La experiencia del movimiento es personal, por lo cual la vivencia es subjetiva; cada persona transita su propio proceso a través del movimiento. El rol del terapeuta tiende a ser personalizado y trabaja con lo que cada uno trae. A partir de este abordaje se pueden ver distintos cambios: de a poco van aumentando la capacidad de percepción, obtienen mayor tonicidad muscular, enderezan la postura, alinean la columna. Sienten una mejoría en la forma de respirar. También logran mayor flexibilidad y agilidad, entre otros beneficios. El enriquecimiento sensorial y la apertura hacia lo creativo, estimula la inteligencia y proporciona más herramientas a la hora de solucionar los problemas. Se sienten con la posibilidad de expresarse libremente y desplegar las ideas y sentimientos a través de la creación, motivando así, en el bienestar emocional, lo que les permite desarrollar más seguridad y confianza en sí mismos.

R: ¿A quiénes les recomendarían fuertemente o en qué circunstancias específicas piensan que la danza puede lograr rearmar lazos sociales y restaurar a alguien emocionalmente?

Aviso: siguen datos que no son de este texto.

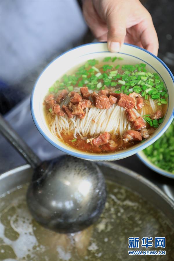 8月30日,在石家庄市鹿泉区德明古镇,无极饸饹非遗传承人袁建鸿展示饸饹面。
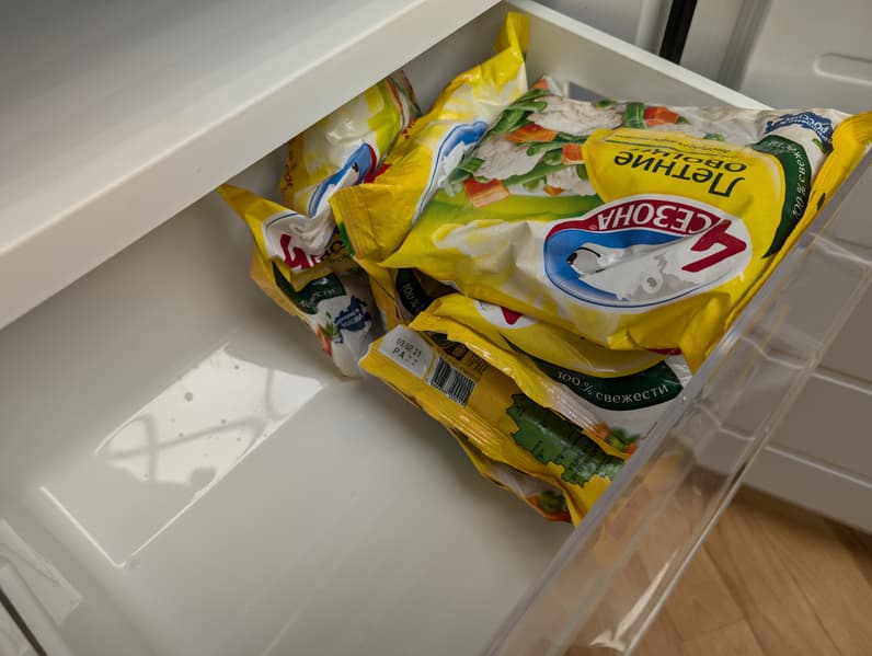 Глубина нижнего ящика заметно меньше из-за ниши холодильного агрегата. В него вмещается только шесть пакетов с овощами.
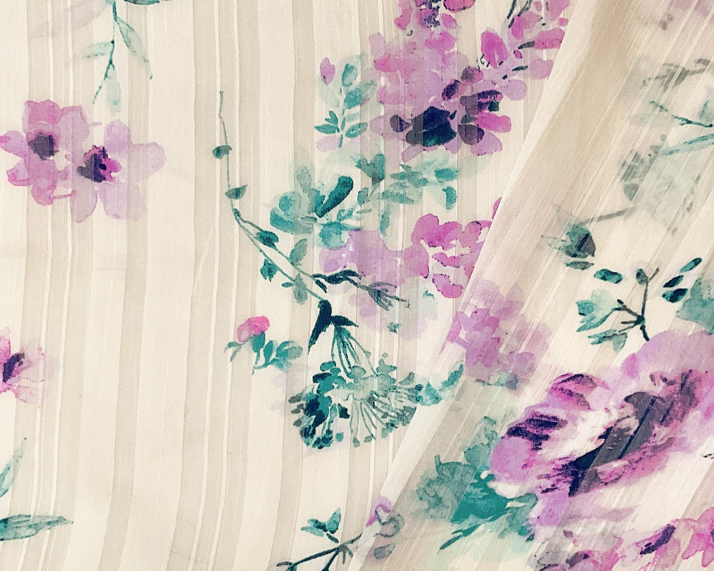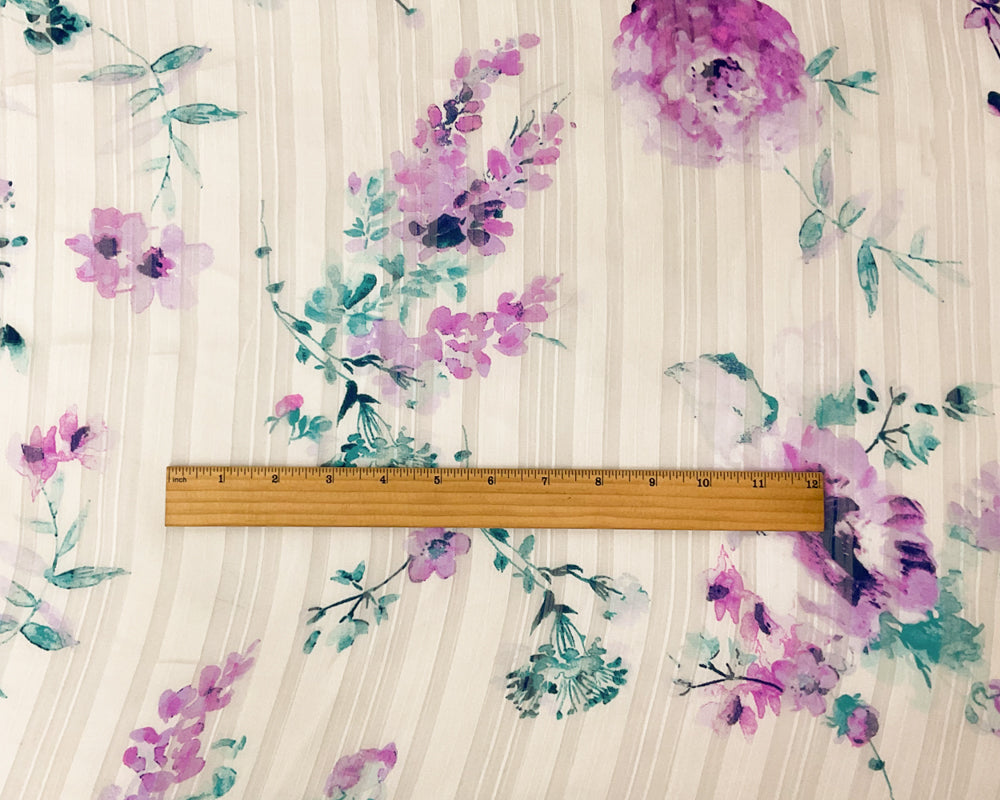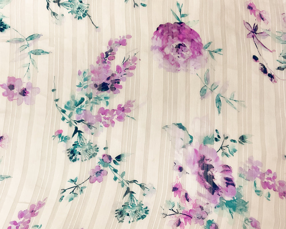 -Off-White-Multi Floral Printed Satin Stripe Chiffon Woven Fabric

En realidad, a todos. Como ya se dijo, el movimiento no hace distinciones. El movimiento y la danza son apropiados en niños, adolescentes, adultos y ancianos, tanto en hombres como en mujeres. Las diferentes capacidades tampoco son un impedimento, ya que se trabaja con lo que cada uno tiene y puede. Todos vivimos en sociedad por lo cual tenemos que enfrentar diariamente los diversos conflictos vinculares. Es apropiado para parejas, familias, amigos, grupos de trabajo, escuelas, grupos barriales. Por otro lado, la vida social y personal implica un trabajo constante de autoconocimiento lo cual involucra permanentemente nuestras emociones. No importa si estamos conmocionados, conflictuados, deprimidos o alegres, uno decide cuándo es oportuno empezar a accionar, a moverse, a danzar por la vida.